Please note that I've only just briefly looked at this and was hoping someone more
familiar with using select() as a way to sleep() might be better able to understand
what is happening.

I wonder also if now that midas requires stricter/newer c++ standards if there maybe
some more straightforward method to sleep that is sufficiently robust and portable.

Thanks,

Nick.
  2905   26 Nov 2024 Maia Henriksson-WardBug ReportTMFE::Sleep() errors
> Hello,
> 
> I've noticed that SC FEs that use the TMFE class with midas-2022-05-c often report errors when calling TMFE:Sleep().
> The error is :
> 
> [tmfe.cxx:1033:TMFE::Sleep,ERROR] select() returned -1, errno 22 (Invalid argument).
> 
> This seems to happen in two different ways:
> 
> 1. Error being reported repeatedly
> 2. Occasional single errors being reported
> 
> When the first of these presents, we typically restart the FE to "solve" the problem.
> Case 2. is typically ignored.
> 
> The code in question is:
> 
> void TMFE::Sleep(double time)
> {
>    int status;
>    fd_set fdset;
>    struct timeval timeout;
>       
>    FD_ZERO(&fdset);
>       
>    timeout.tv_sec = time;
>    timeout.tv_usec = (time-timeout.tv_sec)*1000000.0;
> 
>    while (1) {
>       status = select(1, &fdset, NULL, NULL, &timeout);
> #ifdef EINTR
>       if (status < 0 && errno == EINTR) {
>          continue;
>       }
> #endif
>       break;
>    }
>       
>    if (status < 0) {
>       TMFE::Instance()->Msg(MERROR, "TMFE::Sleep", "select() returned %d, errno %d (%s)", status, errno, strerror(errno));
>    }
> }
> 
> So it looks like either file descriptor of the timeval struct must have a problem.
> From some reading it seems that invalid timeval structs are often caused by one or both
> of tv_sec or tv_usec not being set. In the code above we can see that both appear to be
> correctly set initially.
> 
> From the select() man page I see:
> 
> RETURN VALUE
>        On success, select() and pselect() return the number of file descriptors contained in
>        the three returned descriptor sets (that is, the total number of bits that are set in
>        readfds,  writefds,  exceptfds).  The return value may be zero if the timeout expired
>        before any file descriptors became ready.
> 
>        On error, -1 is returned, and errno is set to indicate the error; the file descriptor
>        sets are unmodified, and timeout becomes undefined.
> 
> The second paragraph quoted from the man page above would indicate to me that perhaps the
> timeout needs to be reset inside the if block. eg:
> 
>       if (status < 0 && errno == EINTR) {
>          timeout.tv_sec = time;
>          timeout.tv_usec = (time-timeout.tv_sec)*1000000.0;
>          continue;
>       }
> 
> Please note that I've only just briefly looked at this and was hoping someone more
> familiar with using select() as a way to sleep() might be better able to understand
> what is happening.
> 
> I wonder also if now that midas requires stricter/newer c++ standards if there maybe
> some more straightforward method to sleep that is sufficiently robust and portable.
> 
> Thanks,
> 
> Nick.

I had the same error a few months ago, though I wasn't using a tagged release. It happened because I was calling TMFE::Sleep() 
with a negative time. If your issues were caused by the same reason, TMFE::Sleep() can handle negative times since commit 
591f78f (https://bitbucket.org/tmidas/midas/commits/591f78f52893d5ffd64bf4e52a1daac537ebd672).

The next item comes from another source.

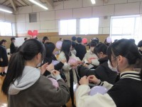 6年生が参加した模擬授業(音英国)風景です。音楽では、中学生と一緒に「翼をください」の合唱に挑戦しました。英語では、発音練習やカード取り、英会話で中学生と楽しみました。国語では、中学生と共に百人一首を...

Early in my debugging, I did come to the same conclusions you did, and actually tried a similar solution the one you suggested. 
This was a few months ago and I didn't write down what happened, but I believe it didn't work because in my case the errno was 
something other than EINTR, and/or the timeval was still an invalid argument for sleep because the timeout was still negative. I 
never followed it up because I was able to fix my problem by fixing my frontend.
  2906   27 Nov 2024 Konstantin OlchanskiBug ReportTMFE::Sleep() errors
> [tmfe.cxx:1033:TMFE::Sleep,ERROR] select() returned -1, errno 22 (Invalid argument).

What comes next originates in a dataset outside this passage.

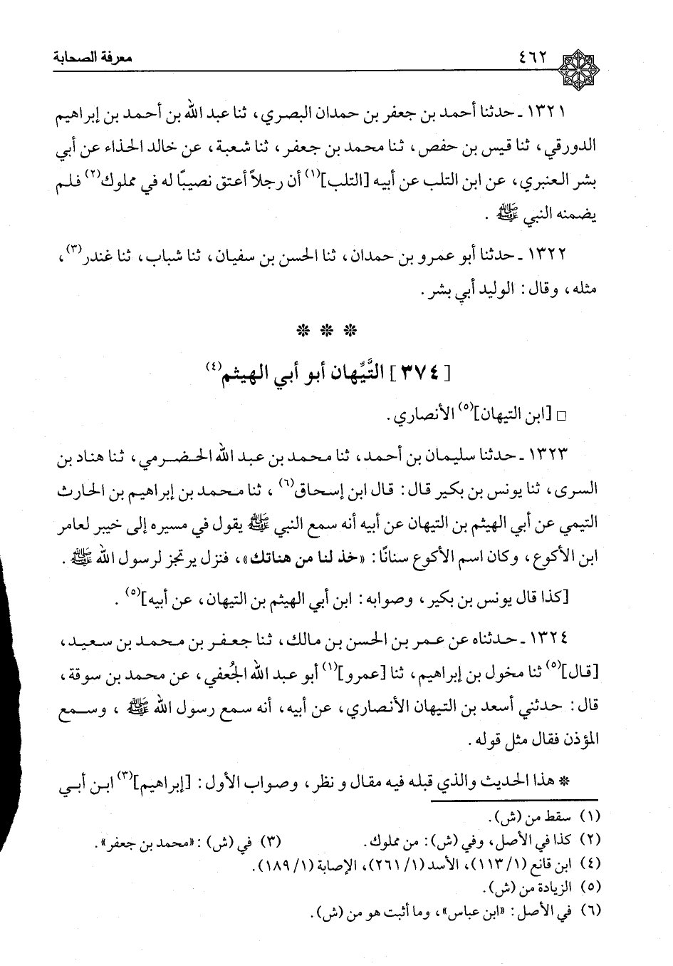 ١٣٢٤ - حُدِّثْنَاهُ عَنْ عُمَرَ بْنِ الْحَسَنِ بْنِ مَالِكٍ، ثنا جَعْفَرُ بْنُ مُحَمَّدِ بْنِ سَعِيدٍ، قَالَ: ثنا مُخَوَّلُ بْنُ إِبْرَاهِيمَ، ثنا عَمْرٌو أَبُو عَبْدِ اللهِ الْجُعْفِيُّ، عَنْ مُحَمَّدِ بْنِ سُوقَةَ، قَالَ: حَدَّثَنِي أَسْعَدُ بْنُ التَّيِّهَانِ الْأَنْصَارِيُّ، عَنْ أَبِيهِ، أَنَّهُ سَمِعَ رَسُولَ اللهِ صَلَّى اللَّهُ عَلَيْهِ وَسَلَّمَ، وَسَمِعَ الْمُؤَذِّنَ، فَقَالَ مِثْلَ قَوْلِهِ. هَذَا الْحَدِيثُ وَالَّذِي قَبْلَهُ فِيهِ مَقَالٌ وَنَظَرٌ، وَصَوَابُ الْأَوَّلِ إِبْرَاهِيمُ بْنُ أَبِي ⦗٤٦٣⦘ الْهَيْثَمِ بْنِ التَّيِّهَانِ، عَنْ أَبِيهِ

The very original copy of this function had an error and was spewing out this error quite often,
this was a missing handler for EINTR.

Now it looks like we are missing a handler for EINVAL.

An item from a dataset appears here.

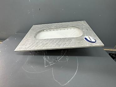 Керамический напольный чаша Генуя SanLine, предназначенная для установки в общественных санузлах. Конструкция выполнена в белом цвете и установлена на серую мраморную платформу. Чаша имеет отверстия для слива и обеспечивает гигиеничное использование.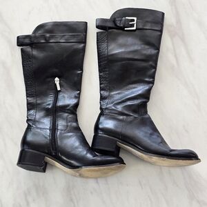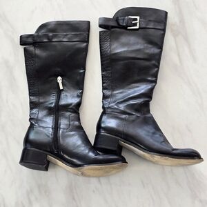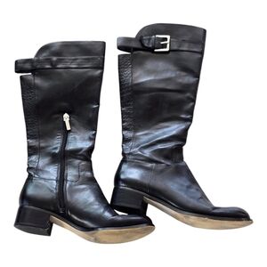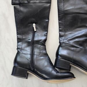 Bebe Thigh Boots Women Sz 6 Black Leather Knee Zipper Animal Print Block…

Most likely sleep is called with a funny sleep time value that fills struct timeval with
values select() does not like.

I see Ben added a check for negative sleep times, and this is good.

I think I will do these changes:

a) add an error message for negative sleep time, I think user should never call ::Sleep with negative or zero sleep times and 
if they do it is a bug and they should fix it, the error message will inform them so.

b) add a handler for EINVAL, which will report the requested sleep time and the values in struct timeval

K.O.
  2907   27 Nov 2024 Konstantin OlchanskiBug ReportTMFE::Sleep() errors
> 
> I wonder also if now that midas requires stricter/newer c++ standards if there maybe
> some more straightforward method to sleep that is sufficiently robust and portable.
> 

I believe POSIX defined clock_nanosleep() & co, so on most recent machines that is the most portable way to sleep.

Historically, select() was the only way to sleep for less than 1 sec, but it was never portable
because of differences between BSD UNIX and Linux implementations. (MacOS is BSD UNIX via FreeBSD).

On difference is the update of struct timeval is select() is interrupted.

In this elog entry, I compare sleep using select() with sleep using clock_nanosleep() and see that there is no difference:
https://daq00.triumf.ca/elog-midas/Midas/2115

As you can see tmfe.cxx has both implementations, select() and clock_nanosleep(), and anybody can try which one works better on 
their computer.

K.O.
  2908   27 Nov 2024 Konstantin OlchanskiBug ReportTMFE::Sleep() errors
>       status = select(1, &fdset, NULL, NULL, &timeout);
>
>       On error, -1 is returned, ... timeout becomes undefined.

I have been reading "man select" for 30 years and I do not remember seeing this text.

I believe on BSD UNIX (MacOS) it says timeout is unchanged and on Linux is says timeout is updated to time actually slept.

I will have to investigate, but I suspect the man page was posix-ized, by sweeping BSD/MacOS and Linux implementations
under the same "instead of saying what it actually does, we will just say 'undefined'".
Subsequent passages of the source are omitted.